_DESCRIPTION OF THE TASK_
Give back each line of the data exactly as it reads, minus the pictures.

_DATASET SECTION_
******************************

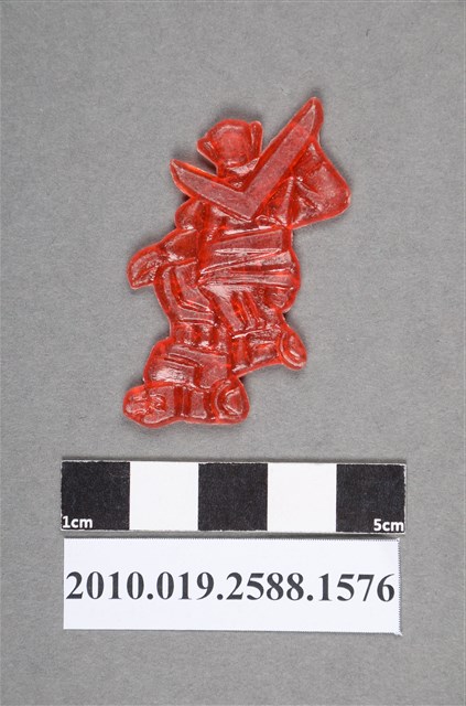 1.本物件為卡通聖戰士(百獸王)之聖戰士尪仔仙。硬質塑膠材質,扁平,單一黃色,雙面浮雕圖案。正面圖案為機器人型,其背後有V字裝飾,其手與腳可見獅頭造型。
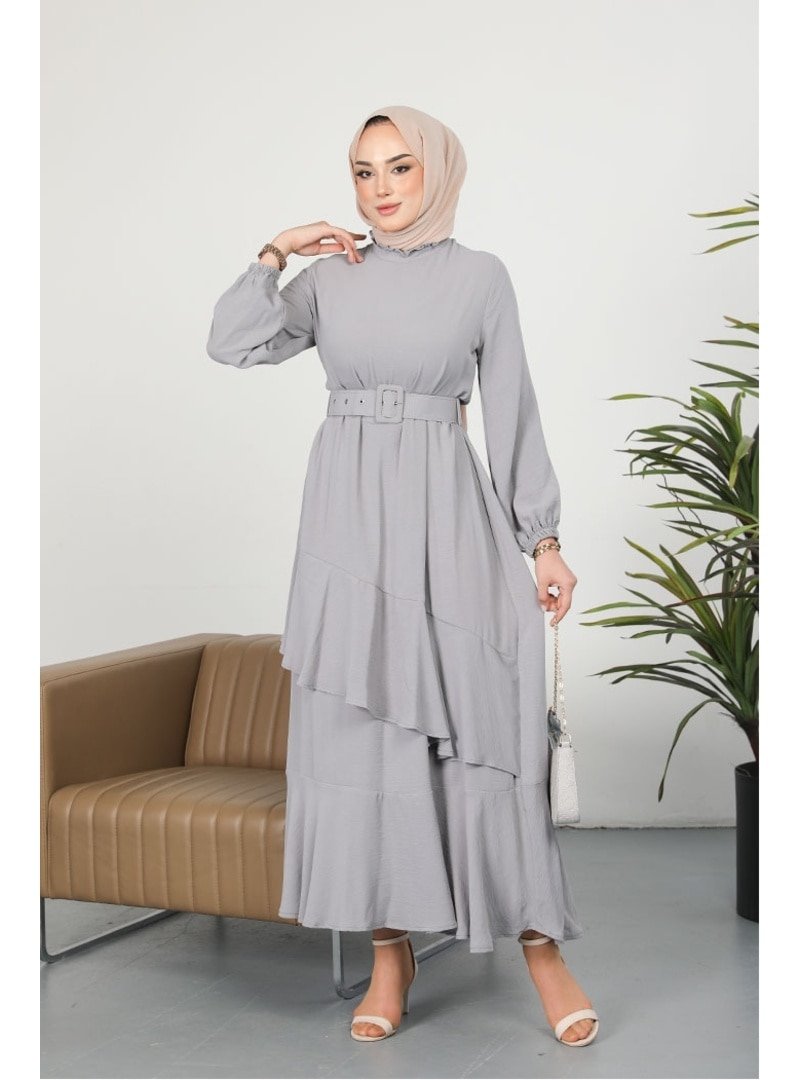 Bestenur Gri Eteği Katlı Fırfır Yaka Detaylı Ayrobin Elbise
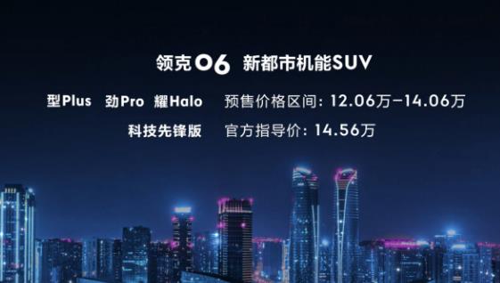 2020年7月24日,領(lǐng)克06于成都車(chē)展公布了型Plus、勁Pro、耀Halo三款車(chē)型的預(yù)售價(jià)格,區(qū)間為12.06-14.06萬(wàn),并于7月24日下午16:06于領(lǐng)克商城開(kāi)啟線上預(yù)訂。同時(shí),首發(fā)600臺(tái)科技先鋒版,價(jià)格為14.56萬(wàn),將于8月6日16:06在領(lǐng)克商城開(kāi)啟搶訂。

******************************

_RESPONSE_
 1.本物件為卡通聖戰士(百獸王)之聖戰士尪仔仙。硬質塑膠材質,扁平,單一黃色,雙面浮雕圖案。正面圖案為機器人型,其背後有V字裝飾,其手與腳可見獅頭造型。
 Bestenur Gri Eteği Katlı Fırfır Yaka Detaylı Ayrobin Elbise
 2020年7月24日,領(lǐng)克06于成都車(chē)展公布了型Plus、勁Pro、耀Halo三款車(chē)型的預(yù)售價(jià)格,區(qū)間為12.06-14.06萬(wàn),并于7月24日下午16:06于領(lǐng)克商城開(kāi)啟線上預(yù)訂。同時(shí),首發(fā)600臺(tái)科技先鋒版,價(jià)格為14.56萬(wàn),將于8月6日16:06在領(lǐng)克商城開(kāi)啟搶訂。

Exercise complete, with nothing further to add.